Let $n\ge1$ be an integer. Prove that there exists an integer $k\ge1$ and a sequence of positive integers $a_1,a_2,a_3......a_k$ such that $a_{i+1}\ge2 + a_i$ for all $i=1,2,3,4......k-1$ and $n=F_{a_1} + F_{a_2} + F_{a_3} + F_{a_4}.........+F_{a_k}$. The numbers $F_0=0, F_1=1, F_2=1, F_3=2 $ etc are all the Fibonacci numbers.
My work: Let $a_1=F_4=3$ and $a_2=F_5=5$ and $a_{i+2}=a_{i+1} + a_i$ for $i\ge1$. I will prove the inequality by induction.
Claim: $a_{i+1}-a_i\ge2$, $\forall i\ge1$
Base case: $i=1$ We have $a_2 - a_1=2\ge2$
Induction hypothesis: Suppose $a_{i+1}-a_i\ge2$ is true for some $i=k, k\lt r, r∈ \mathbb{N}$.
Then we have $a_{k+1}-a_k\ge2$
Now let us consider $i=k-1$.
We get $a_{k} - a_{k-1}= (a_{k} + a_{k-1}) - 2a_{k-1}= a_{k-2}$
I don't know how to proceed at this point. I've tried to manipulate the expression that I get after plugging in $k-1$ in a few different ways but non of them seem to pan out
Note that the $a_i$ are the indices of the Fibonacci numbers in the statement of the theorem you have, not the Fibonacci numbers themselves.
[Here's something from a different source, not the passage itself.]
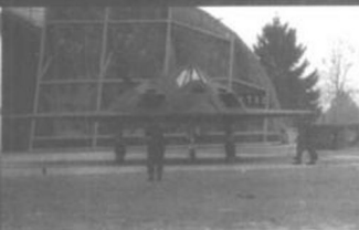
对南联盟实施空袭的美国及北约的空中力量。
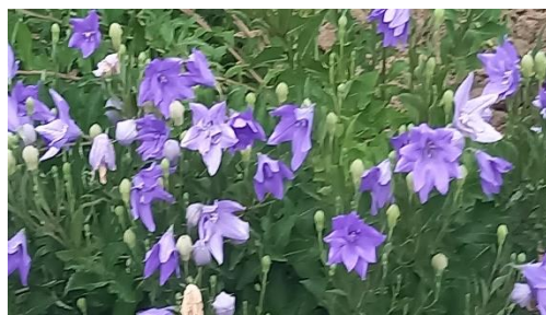
＜ ききょうの里 ～桔梗花壇～ ＞

Also, for example, we have $5=3+2$ as a Fibonacci decomposition which does not satisfy the restriction on indices, though $5=5$ obviously does, so you need some control over the indices, and this is obtained by using the Fibonacci relation.
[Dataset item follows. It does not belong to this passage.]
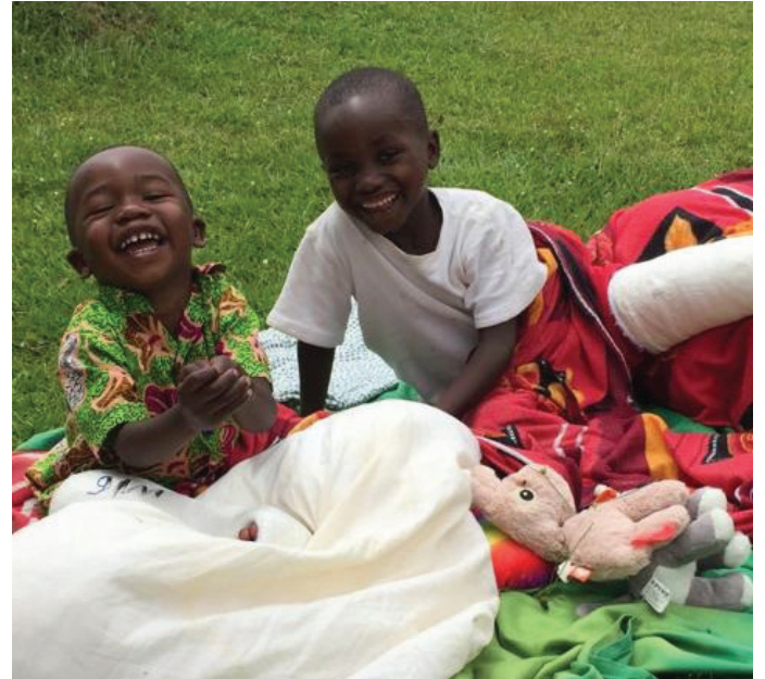
Geopereerde patiëntjes op het grasveld voor het ziekenhuis.

For the inductive step, try this as an alternative.
Suppose the theorem is true for positive integers $\le n$.
Let $F_r$ be the greatest Fibonacci number $\le n+1$. If $n+1=F_r$ we are done. Otherwise $n+1=F_r+m$ and $m$ has a decomposition of the form we require.
Let $m=F_s+F_t+\dots$ where $F_t\gt F_s\gt \dots$ is the decomposition we can take from the inductive hypothesis. We may have $m=F_t$ if $m$ is a Fibonacci number, but where it is not we have $t\ge s+2$ and the condition on indices is satisfied for any remaining components of $m$.
Then $n+1=F_r+F_s+F_t+\dots$
You might want to see whether you can proceed yourself from here - you will get some control over the indices using the Fibonacci relation $F_m=F_{m-1}+F_{m-2}$ so if two indices are consecutive, you can potentially change that.
I've left a little for you to fill in.